At some point over the last few days Danny Brown (@dannytybrown) tweeted this puzzle:
The picture shows a unit square with two congruent rectangles and a number of triangle. I looked,at the puzzle, saw no obvious answer, realised it would need a bit of thought so saved the photo until I found some time.
Yesterday I had some time, so I started by sketching the puzzle and filling in things I knew:
I quickly realised that the angles for all the triangle were the same, and thus they were all similar. (For some reason I missed one of the triangles on this page.) I couldn’t work out how I could find a missing length. I worked out the length if the diagonal of the rectangle using Pythagoras’s Theorem but it didn’t really help.
Then I drew some perpendiculars from each end of the diagonal and had a breakthrough.
If two rectangles share a diagonal, and a side length, then they must be congruent. This meant that I now knew the length of the bottom was 2x + 2y, as it’s a unit square then 2x + 2y = 1 so x+y=1/2.
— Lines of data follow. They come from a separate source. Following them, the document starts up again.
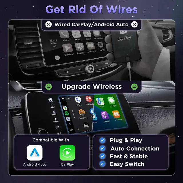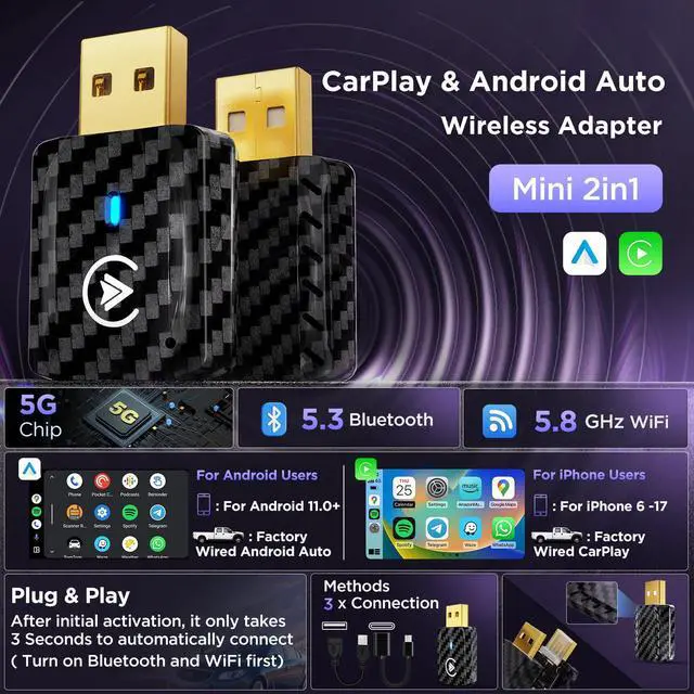 | Compatible Devices | Compatible with cars with wired carplay/Android auto system, Compatible with iPhone 17 all the way down to iPhone 6 & android 11.0 and above |
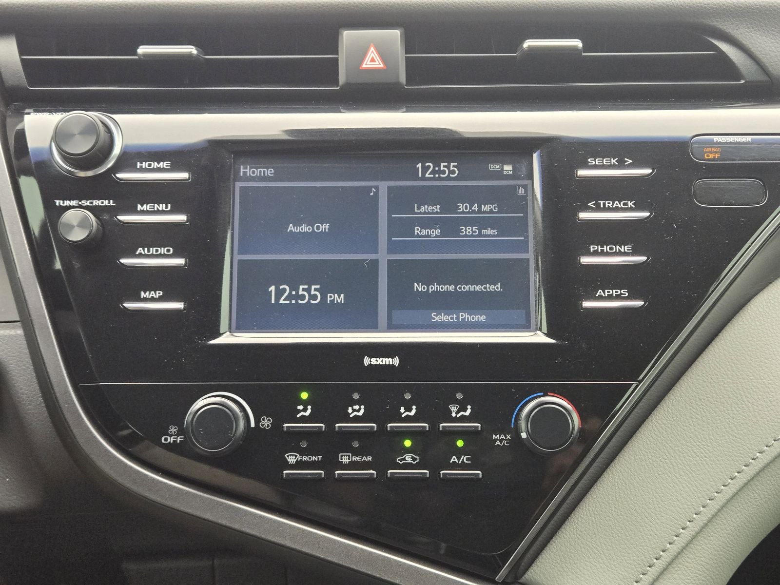 This 2020 Toyota Camry comes nicely equipped with Black Cloth, 4-Wheel Disc Brakes, 6 Speakers, 7.5J x 17 Alloy Wheels, ABS brakes, Air Conditioning, Alloy wheels, AM/FM radio: SiriusXM, Apple CarPlay/Android Auto, Auto High-beam Headlights, Brake assist, Bumpers: body-color, Delay-off headlights, Driver door bin, Driver vanity mirror, Dual front impact airbags, Dual front side impact airbags, Electronic Stability Control, Emergency communication system: Safety Connect with 1-year trial, Exterior Parking Camera Rear, Fabric Seat Trim, Four wheel independent suspension, Front anti-roll bar, Front Bucket Seats, Front Center Armrest, Front reading lights, Fully automatic headlights, Illuminated entry, Knee airbag, Low tire pressure warning, Occupant sensing airbag, Outside temperature display, Overhead airbag, Overhead console, Panic alarm, Passenger door bin, Passenger vanity mirror, Power door mirrors, Power driver seat, Power steering, Power windows, Radio data system, Radio: AM/FM Audio System, Rear anti-roll bar, Rear reading lights, Rear seat center armrest, Rear side impact airbag, Rear window defroster, Remote keyless entry, Security system, Speed control, Speed-sensing steering, Split folding rear seat, Steering wheel mounted audio controls, Tachometer, Telescoping steering wheel, Tilt steering wheel, Traction control, Trip computer, and Variably intermittent wipers.
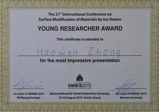 在2019年8月25日至30日于俄罗斯托木斯克市举办的第21届国际离子束材料表面改性大会(The 21th International Conference on Surface Modification ofMaterials by Ion Beams, SMMIB 2019)上,72886欢迎光临新网站强脉冲粒子束实验室的博士生钟昊玟同学同来自俄罗斯、法国和南非的5名青年学者一道获得了本次会议的青年研究者奖。
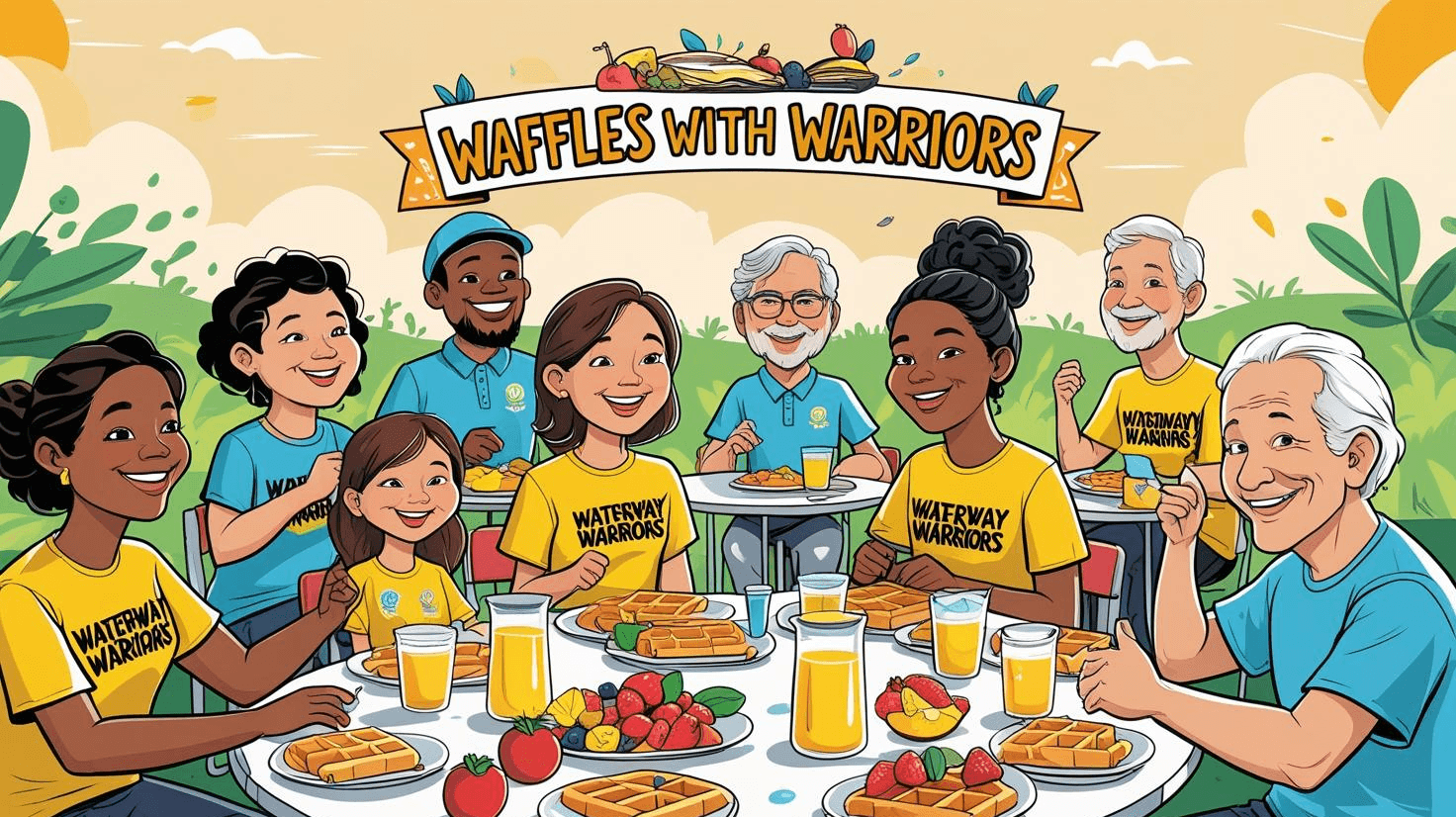 Join your fellow Waterway Warriors for our Waffles with Warriors Breakfast, a relaxed pay-your-own-way breakfast where we eat some good food, have great conversation, and a chance to connect with the amazing people who make our mission possible... YOU!
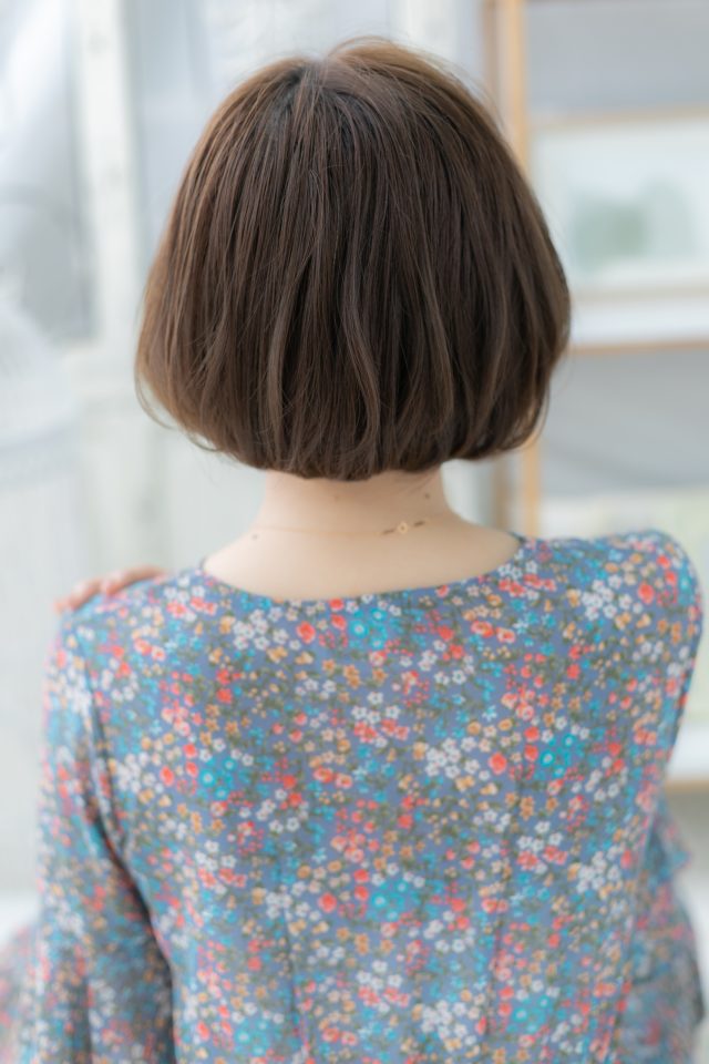 小顔に見せるAラインシルエットでやわらかな印象に仕上げたフェミニンボブのヘアスタイル。ミディアヘアを際立たせるグラデーションで大人女子のコーデもおすすめ!30代・40代にも◎(メイク担当:川口店 成田)
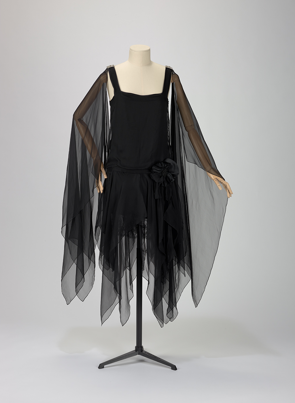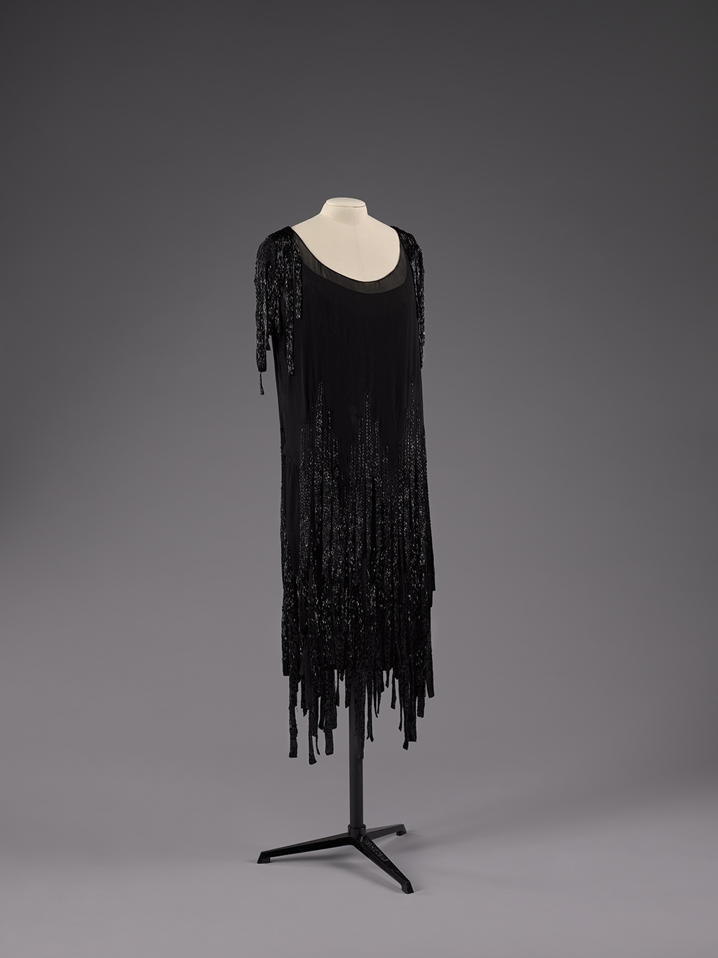 Gabrielle “Coco” Chanel (French, 1883-1971), Dress Ensemble, about 1926. Silk chiffon embroidered with bugle beads. Denver Art Museum: Funds from the Textile Arts and Fashion Circle, 2024.142A-B.
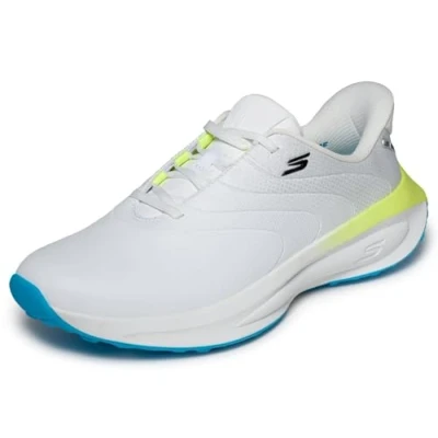 Skechers Men's GO Golf Synthetic Upper Lace Up Shoe, White/Blue/Yellow, 9 UK
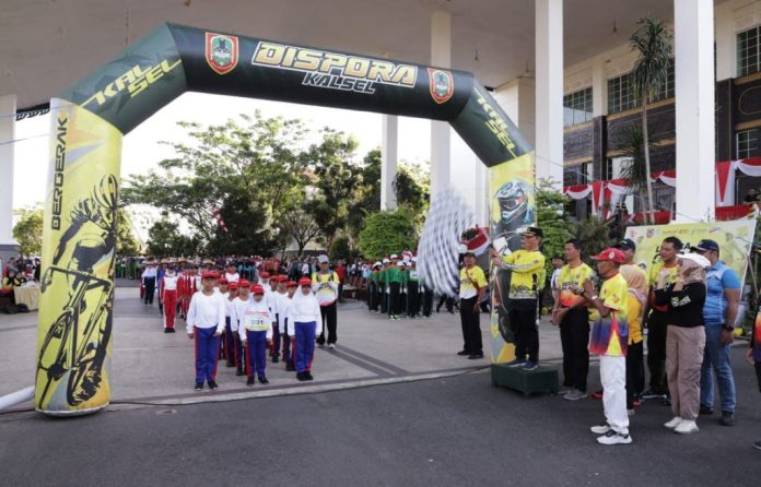 LANGKAR.ID,Banjarbaru – Gubernur Kalimantan Selatan, H. Sahbirin Noor, yang akrab disapa Paman Birin, melalui Kepala Dinas Kepemudaan dan Olahraga Kalimantan Selatan, Hermansyah, secara resmi melepas peserta Lomba Gerak Jalan 5 Km untuk kelompok SD/MI, SMP/MTs, serta SKPD se-Kalimantan Selatan. Acara ini digelar dalam rangka memperingati HUT RI ke-79 dan Hari Jadi (Harjad) Kalimantan Selatan ke-74, bertempat di halaman Kantor Setdaprov Kalsel, Sabtu (10/8/2024).
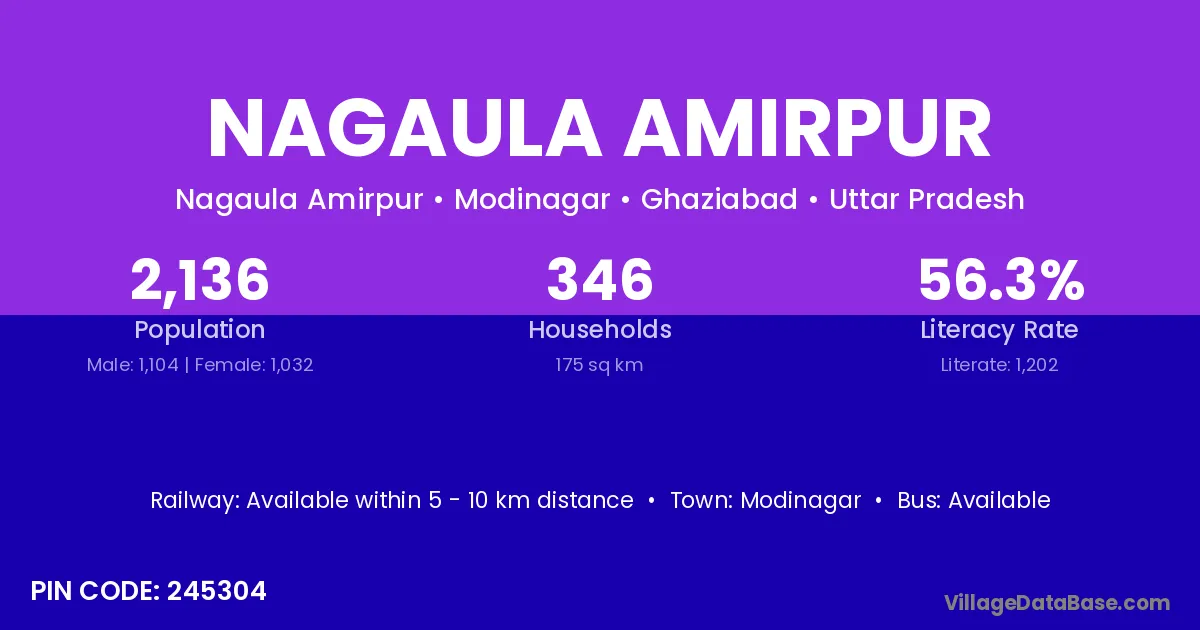 Nagaula Amirpur village has a total population of 2,136 people, of which 1,104 are males and 1,032 are females.
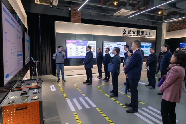 11月11日,省工信厅党组理论学习中心组成员走进南京市玄武大模型工厂,实地调研了解1500p算力支撑下的高效运维与五大平台服务,直观感知以数据为“矿石”、算法为“熔炉”的创新生态,深刻体验大模型在政务、公证、制造等场景的落地实效,充分感受“ai ”深度融合的强劲动能。活动邀请玄武大模型工厂核心技术平台独家运营方华清智言科技有限公司总经理李强,围绕“什么是大模型、大模型的研发与应用、大模型的生态建设”三大核心内容作专家辅导, 厅党组书记、厅长朱爱勋主持活动并作总结讲话。
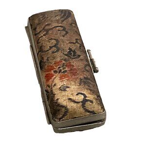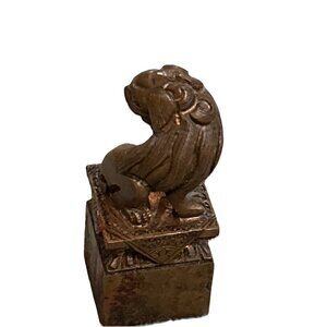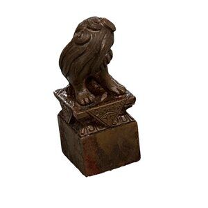 Here we have an extremely rare 19th century Chinese seal box with bronze Foo Dog stamp. Comes with a fitted case. Has red wax. Carrying case looks to be made of silk material with metal kiss lock. Case measures 2.75" in length x 1.25" including lock wide. Foo dog stamp is made from bronze. Bronze stamp measures 1 3/8" tall x .5" wide. Has personalized stamp on bottom. Bronze figure is in very good condition for its age. Case does have some condition issues. Such as discoloration and metal has some blemishes. Please see photos to help judge condition for yourself.
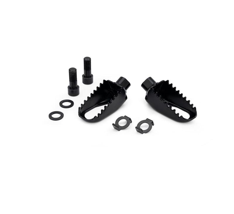 Akcesoryjne, stalowe podnóżki w stylu motocrossowym w kolorze czarnym, zastępujące standardowe „rowerowe” podnóżki w modelu Elektrode. Podwyższone zęby zapewniają lepszą przyczepność i maksymalną kontrolę nad motocyklem.
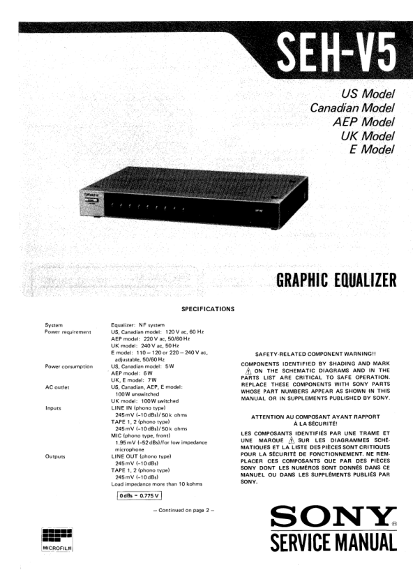 Opis SONY SEHV5 Instrukcja Serwisowa
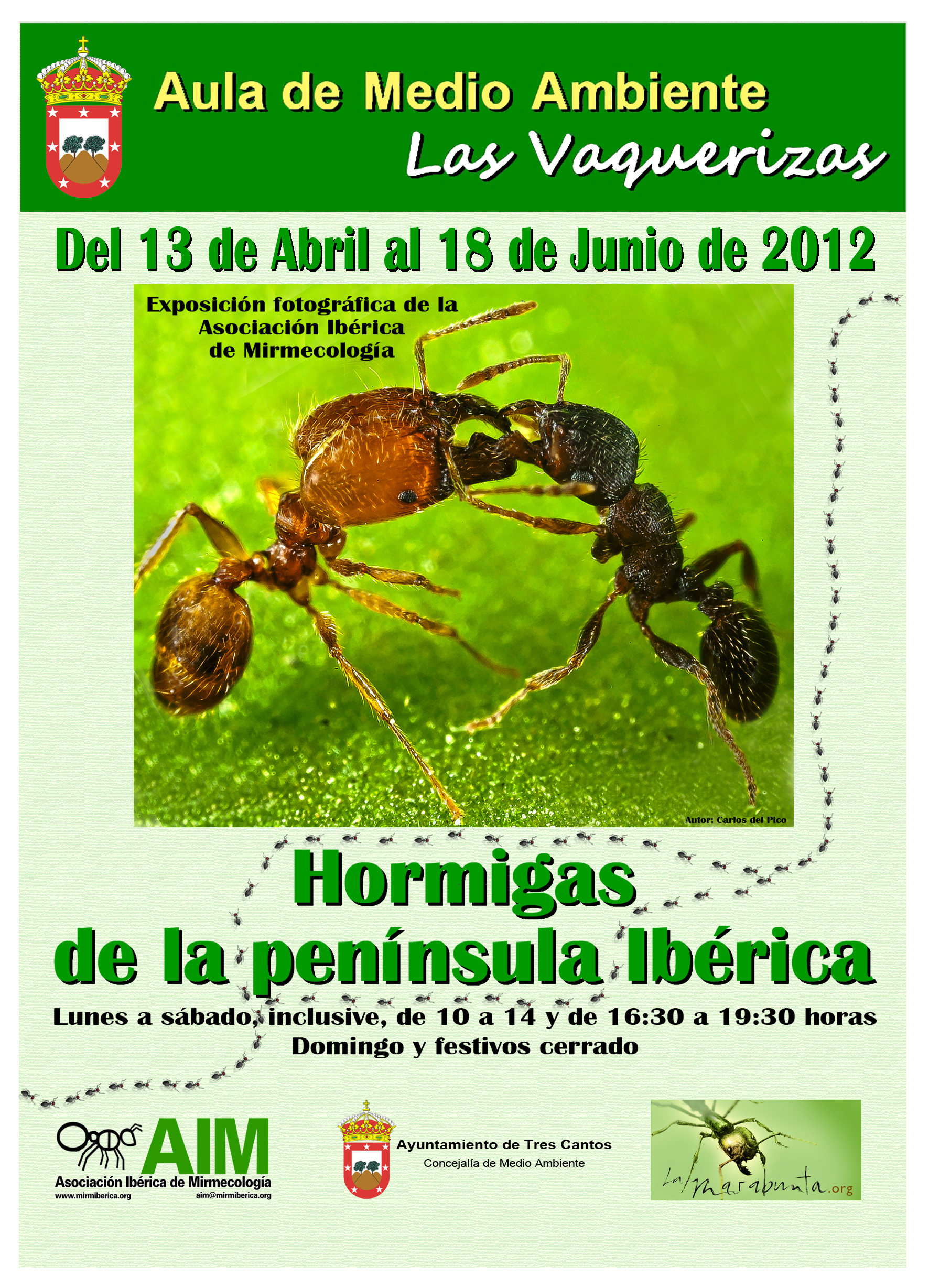 La AIM, por medio de uno de nuestros socios, vecino del municipio, se puso en contacto con su anterior alcalde, José Folgado, y con el Concejal de Medio Ambiente, Jesús Serrada, para ofrecerles la posibilidad de que nuestra exposición recalase en ese Aula, como preludio del VII Congreso Ibérico de Mirmecología “Taxomara” que se celebraría en Tres Cantos en el verano de 2012.

I filled in these lengths:
Redrew my similar triangles and solved:
As no one likes an irrational denominator I rationalised as ended up with the satisfying solution 2-rt3.
I love this puzzle, and think it could be used as enrichment for high ability learners of many ages. After I’d solved it I looked at some solutions others had posted, and was thankful to see that other people also unnecessarily use trigonometry, and I was amazed I’d managed to avoid it, given my track record!